WHAT YOU ARE ASKED TO DO: Using the entries below, copy exactly each line from the line with "Passive Snubber Circuits." up to and including the line with "[Mall] AKAGAMI Kaos", with every picture left out.

SOURCE RECORDS:
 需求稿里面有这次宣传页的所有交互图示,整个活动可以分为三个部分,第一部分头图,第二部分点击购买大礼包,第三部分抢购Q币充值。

* * *

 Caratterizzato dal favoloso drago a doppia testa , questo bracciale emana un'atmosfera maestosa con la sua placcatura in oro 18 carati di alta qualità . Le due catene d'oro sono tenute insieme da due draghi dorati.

---

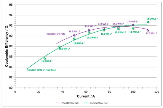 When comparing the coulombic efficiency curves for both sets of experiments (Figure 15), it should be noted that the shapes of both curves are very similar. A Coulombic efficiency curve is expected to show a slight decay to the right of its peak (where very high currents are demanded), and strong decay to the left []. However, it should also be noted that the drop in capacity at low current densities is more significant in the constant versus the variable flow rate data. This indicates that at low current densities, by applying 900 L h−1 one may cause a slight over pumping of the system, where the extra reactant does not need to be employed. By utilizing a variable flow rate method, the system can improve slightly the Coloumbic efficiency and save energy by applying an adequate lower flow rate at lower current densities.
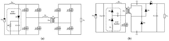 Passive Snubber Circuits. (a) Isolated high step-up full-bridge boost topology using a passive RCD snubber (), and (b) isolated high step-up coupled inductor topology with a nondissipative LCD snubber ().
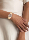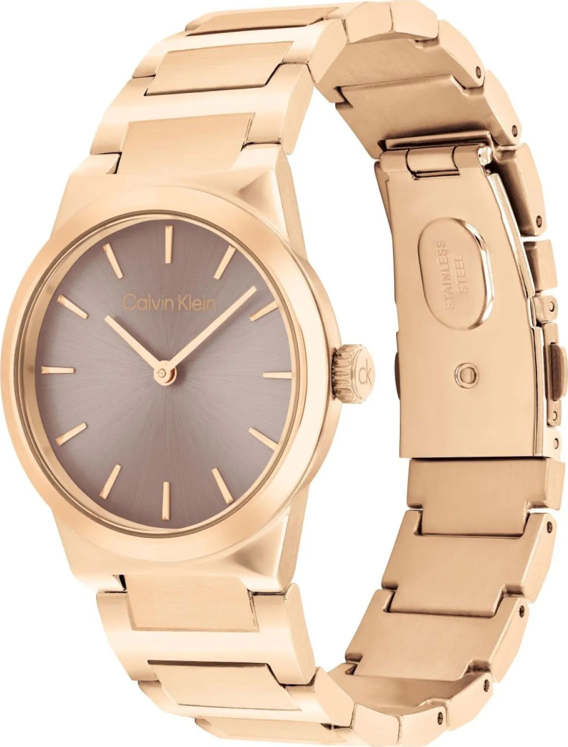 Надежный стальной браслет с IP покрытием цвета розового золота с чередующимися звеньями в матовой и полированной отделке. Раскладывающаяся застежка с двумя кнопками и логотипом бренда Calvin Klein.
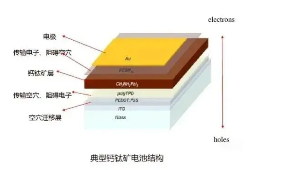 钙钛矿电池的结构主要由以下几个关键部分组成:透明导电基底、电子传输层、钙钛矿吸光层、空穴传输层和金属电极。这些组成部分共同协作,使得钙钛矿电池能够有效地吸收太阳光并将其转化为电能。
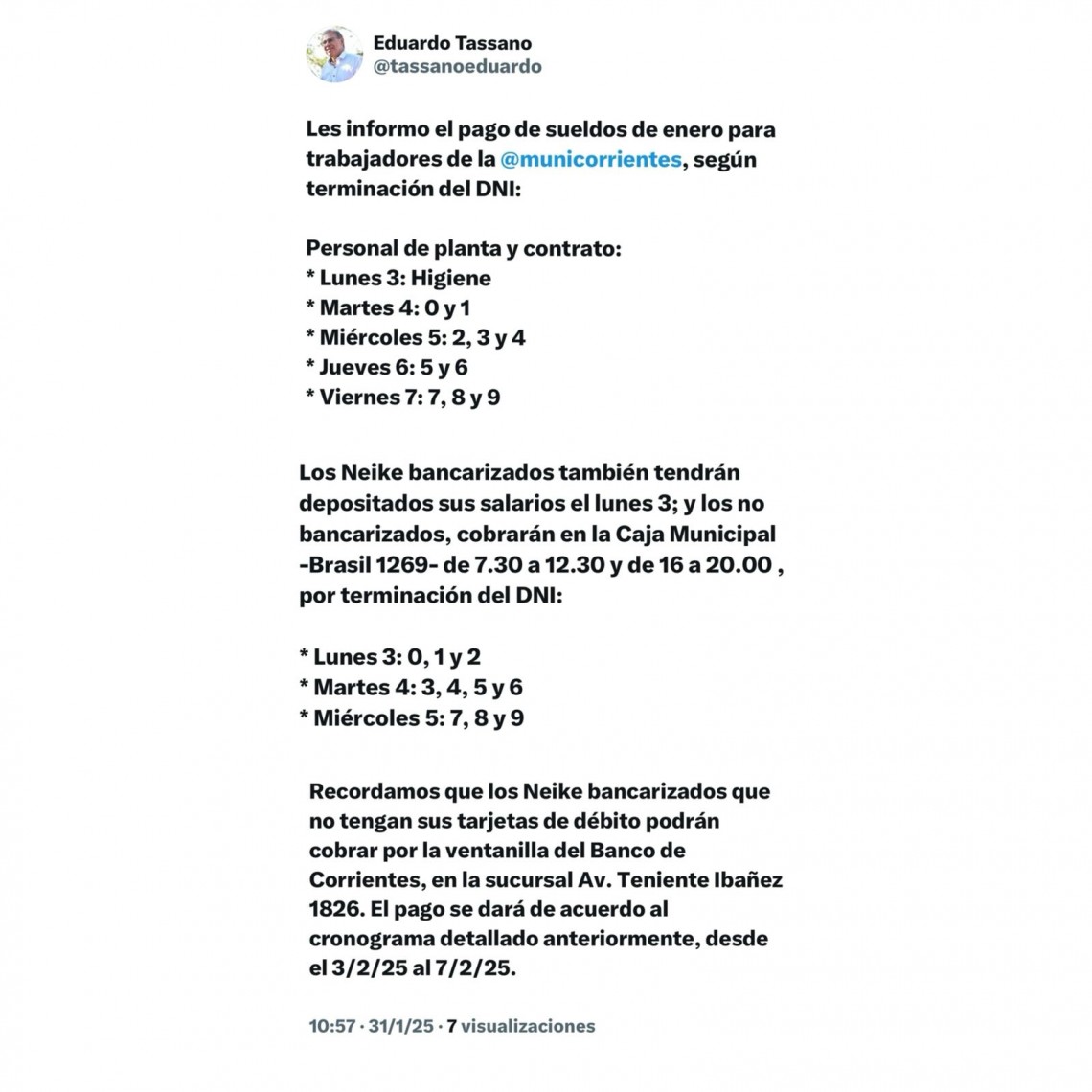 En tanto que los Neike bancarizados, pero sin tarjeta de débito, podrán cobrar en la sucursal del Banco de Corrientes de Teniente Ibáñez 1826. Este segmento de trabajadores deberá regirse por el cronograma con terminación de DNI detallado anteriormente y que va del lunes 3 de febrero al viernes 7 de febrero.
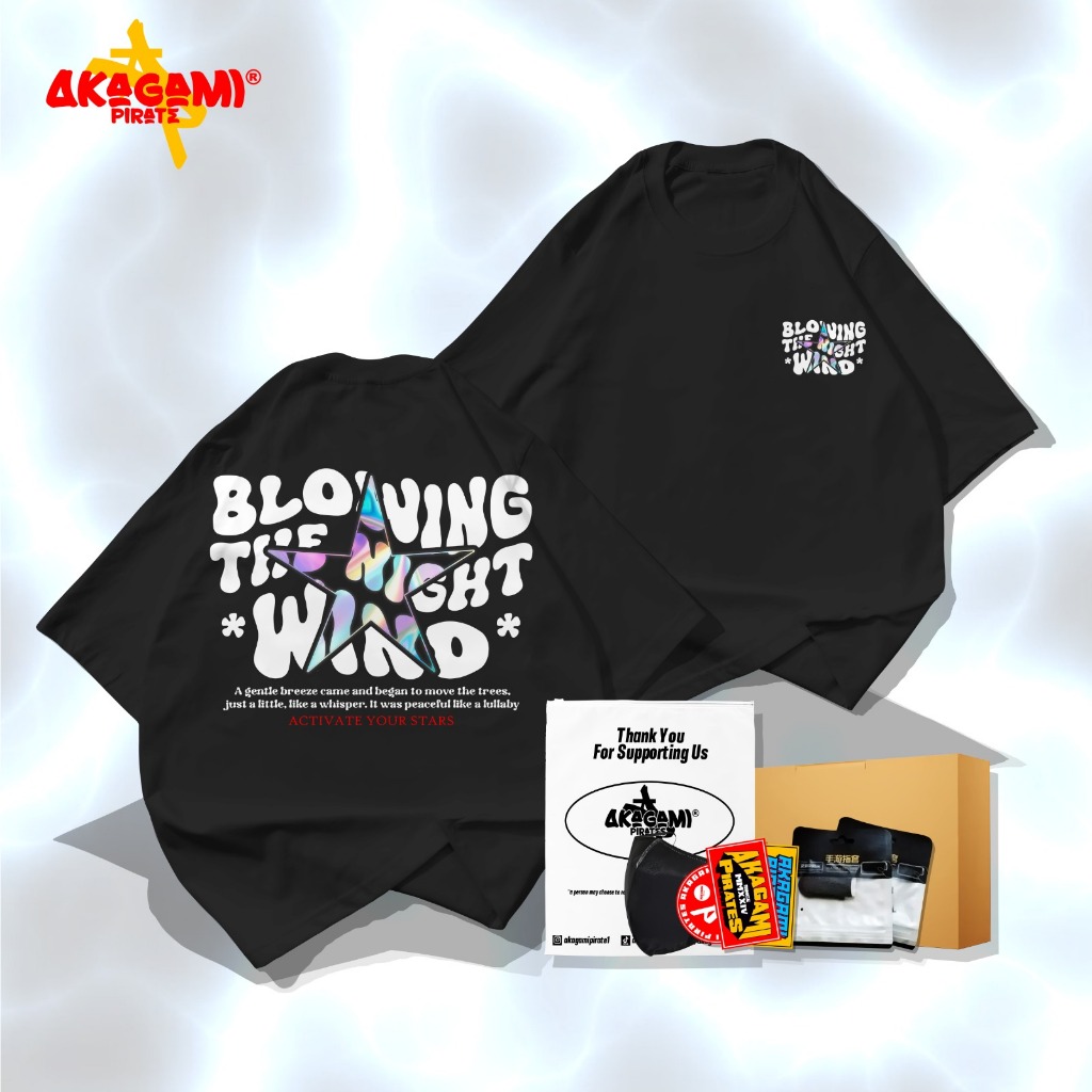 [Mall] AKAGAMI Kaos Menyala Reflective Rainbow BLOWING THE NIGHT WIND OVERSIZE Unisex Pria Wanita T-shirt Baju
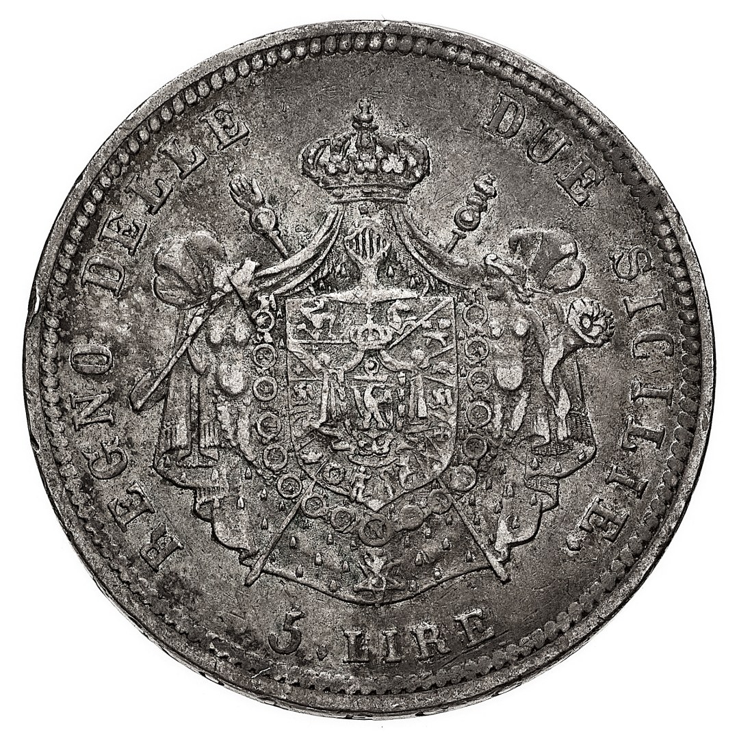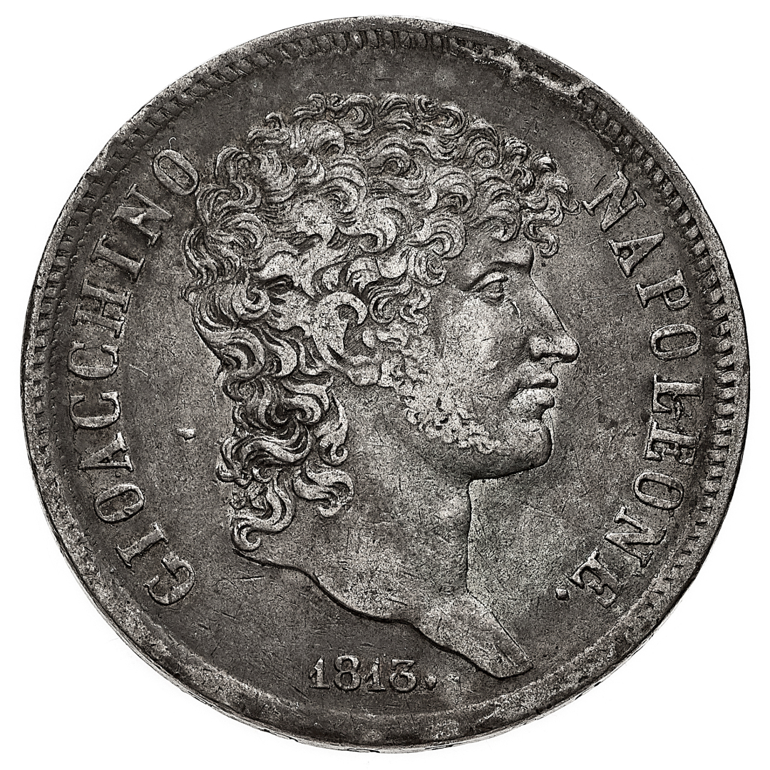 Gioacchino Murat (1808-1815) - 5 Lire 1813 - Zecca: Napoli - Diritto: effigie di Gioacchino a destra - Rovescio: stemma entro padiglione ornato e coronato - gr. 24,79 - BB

FINISHED EXERCISE:
 Passive Snubber Circuits. (a) Isolated high step-up full-bridge boost topology using a passive RCD snubber (), and (b) isolated high step-up coupled inductor topology with a nondissipative LCD snubber ().
 Надежный стальной браслет с IP покрытием цвета розового золота с чередующимися звеньями в матовой и полированной отделке. Раскладывающаяся застежка с двумя кнопками и логотипом бренда Calvin Klein.
 钙钛矿电池的结构主要由以下几个关键部分组成:透明导电基底、电子传输层、钙钛矿吸光层、空穴传输层和金属电极。这些组成部分共同协作,使得钙钛矿电池能够有效地吸收太阳光并将其转化为电能。
 En tanto que los Neike bancarizados, pero sin tarjeta de débito, podrán cobrar en la sucursal del Banco de Corrientes de Teniente Ibáñez 1826. Este segmento de trabajadores deberá regirse por el cronograma con terminación de DNI detallado anteriormente y que va del lunes 3 de febrero al viernes 7 de febrero.
 [Mall] AKAGAMI Kaos Menyala Reflective Rainbow BLOWING THE NIGHT WIND OVERSIZE Unisex Pria Wanita T-shirt Baju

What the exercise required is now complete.